### Assigned task:
Copy word for word the line containing "萧敬腾广州演唱会(关于萧敬腾广州演唱会的介绍)" together with all lines following it to the end of the listing below, without the pictures.

### Recorded information:
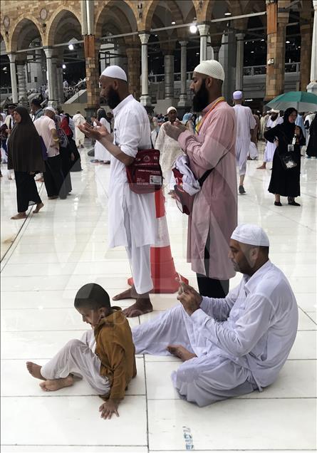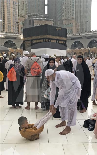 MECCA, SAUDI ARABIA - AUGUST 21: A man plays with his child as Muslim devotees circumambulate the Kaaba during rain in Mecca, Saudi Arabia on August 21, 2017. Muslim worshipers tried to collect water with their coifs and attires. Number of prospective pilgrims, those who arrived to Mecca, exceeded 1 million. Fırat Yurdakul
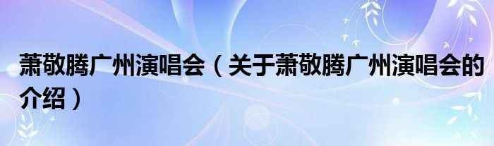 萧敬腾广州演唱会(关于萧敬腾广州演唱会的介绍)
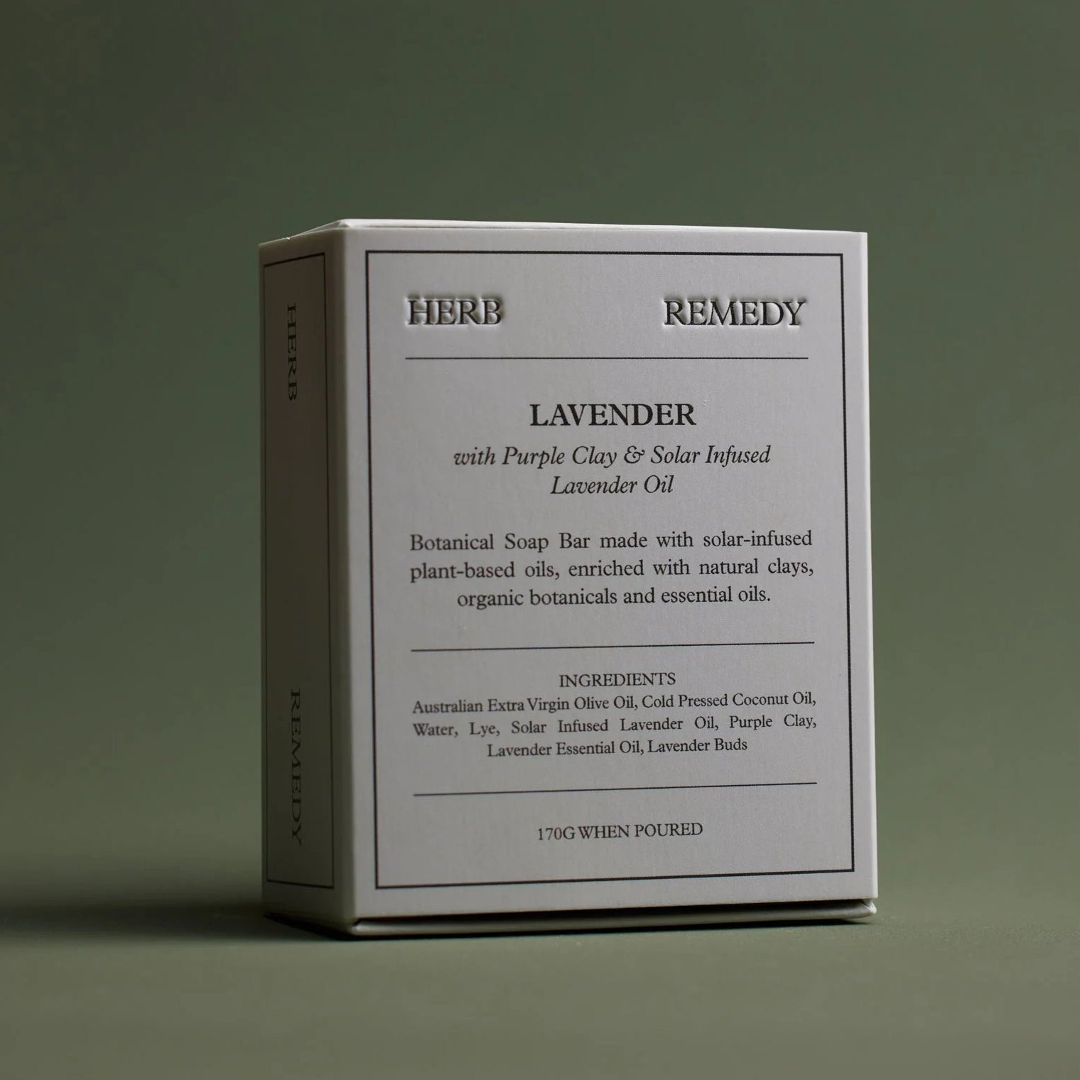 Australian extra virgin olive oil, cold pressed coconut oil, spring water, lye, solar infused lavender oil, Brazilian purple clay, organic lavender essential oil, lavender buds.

### Written reply:
 萧敬腾广州演唱会(关于萧敬腾广州演唱会的介绍)
 Australian extra virgin olive oil, cold pressed coconut oil, spring water, lye, solar infused lavender oil, Brazilian purple clay, organic lavender essential oil, lavender buds.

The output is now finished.